Around these parts, Bennachie is the hill to climb, and it's always been on the list of things we wanted to do, but we'd never done it. This was the day to do it: the sun shone in over the trees this morning, and it stayed sunny and fair nearly all the day long, as we had read it would. It took a bit of prying to get everyone with shoes and socks on, snacks packed, a hoodie, water bottles--but we got out, drove to the trailhead, and began.
It's not a hard hike, first of all, but it's not nothing, either, especially with kids, two of whom had not hiked it before. My daughter often hikes it with friends, timing their departure so that they arrive at the top in time to watch the sun rise. We weren't up that early today, of course. But the air was cool as we went, starting where the trees and shade were thick, then ascending above the tree line. The last part is a little bit of a scramble up some stone, through the remains of a Pictish hill fort.

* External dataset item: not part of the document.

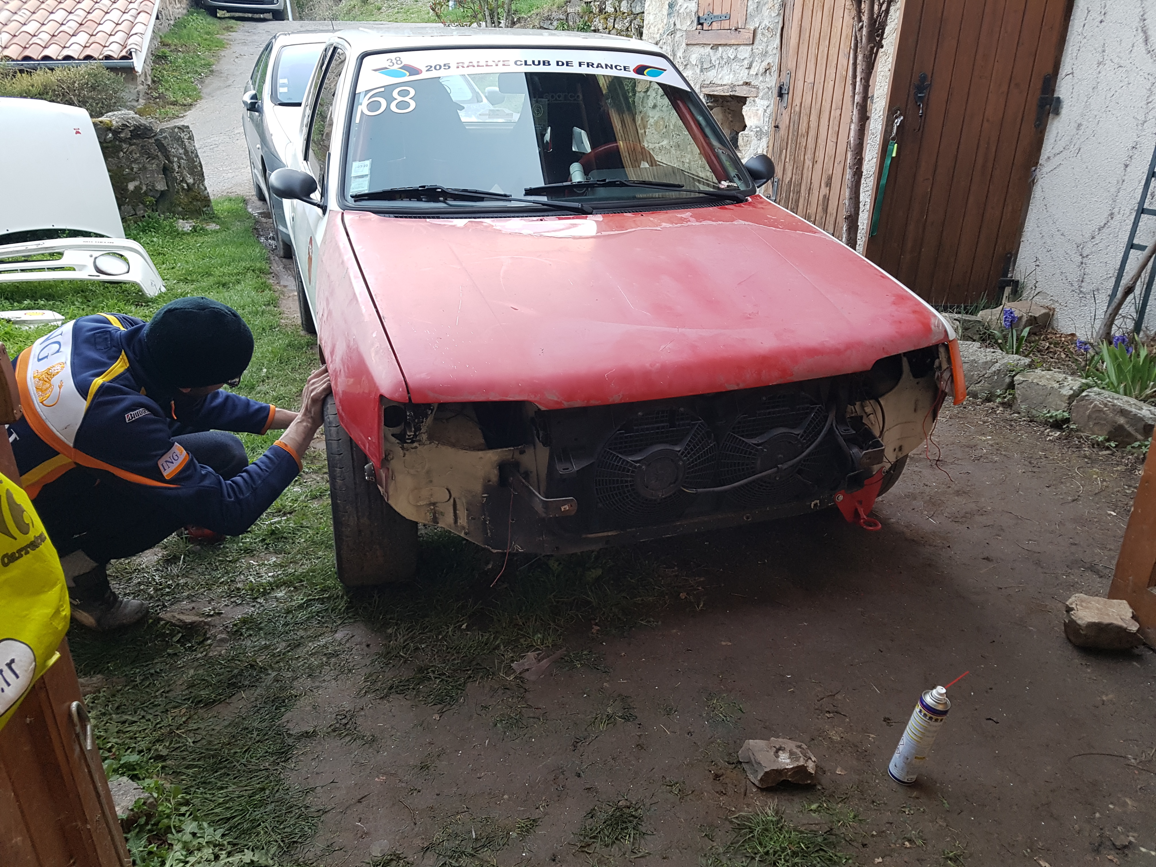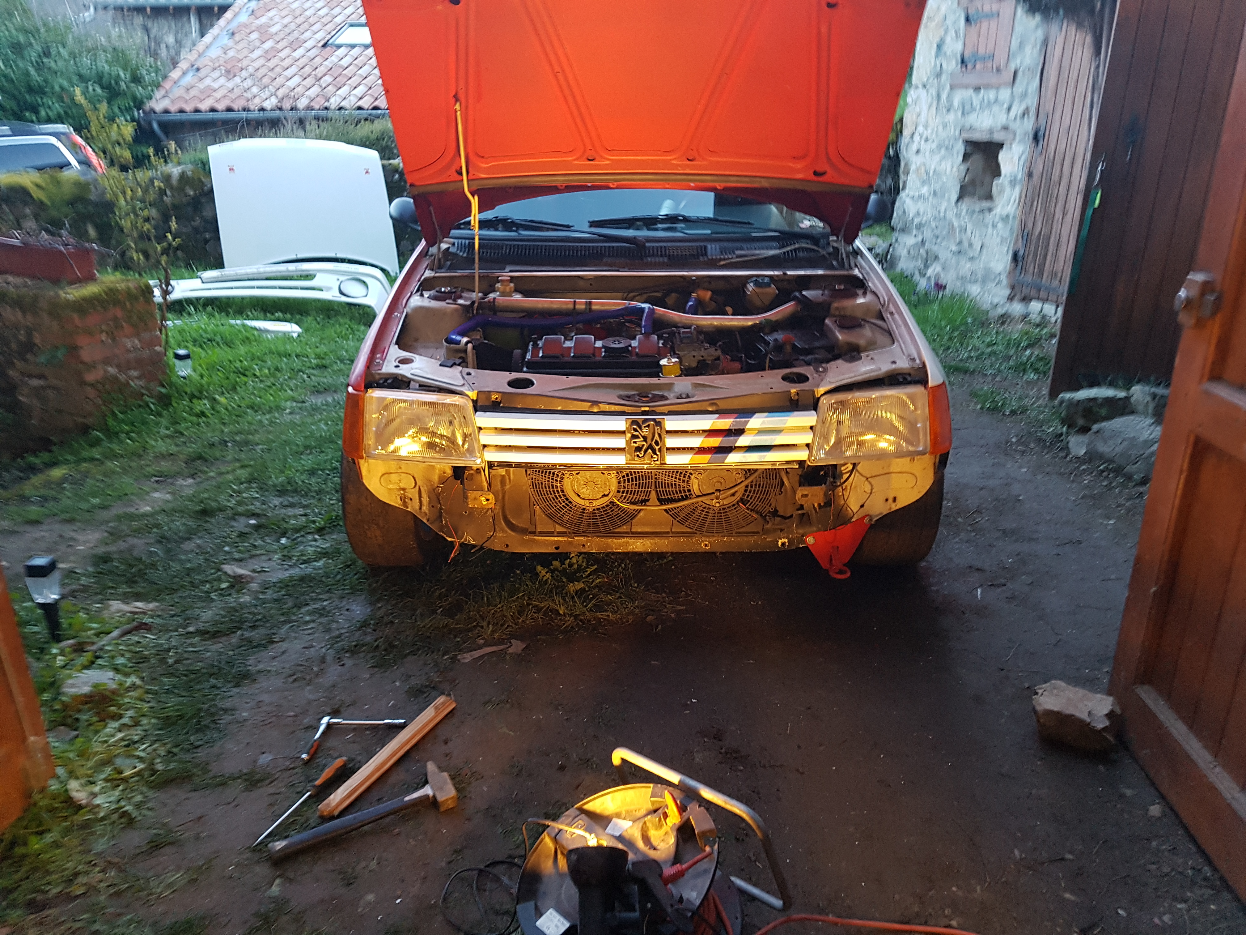Quand à Alex, il posait les pièces qu'il avait chez lui, devant le portail de Stef, samedi à la première heure pour qu'il puisse les monter chez moi dimanche avec Gousk. Jeannot qui m'accueille le dimanche matin aussi pour me filer un capot, alors qu'il était peinard chez lui en amoureux avec sa femme...

From the top, you can see the farms and the hills around for miles. In the distance, you can see the village and other small towns. We stayed up at the top, though it was windy and cool, because it was also brilliant and spectacular in the etymological sense of the word.
Tomorrow the kids go back to school. Then, the day after, we get on a series of planes to return to our lives and home, and the work awaiting us there. And Bruiser, and the ones we love who live there. As always, it's time to leave, or nearly, and it will be good to be home. But it's the nature of these things: I don't want to leave even so.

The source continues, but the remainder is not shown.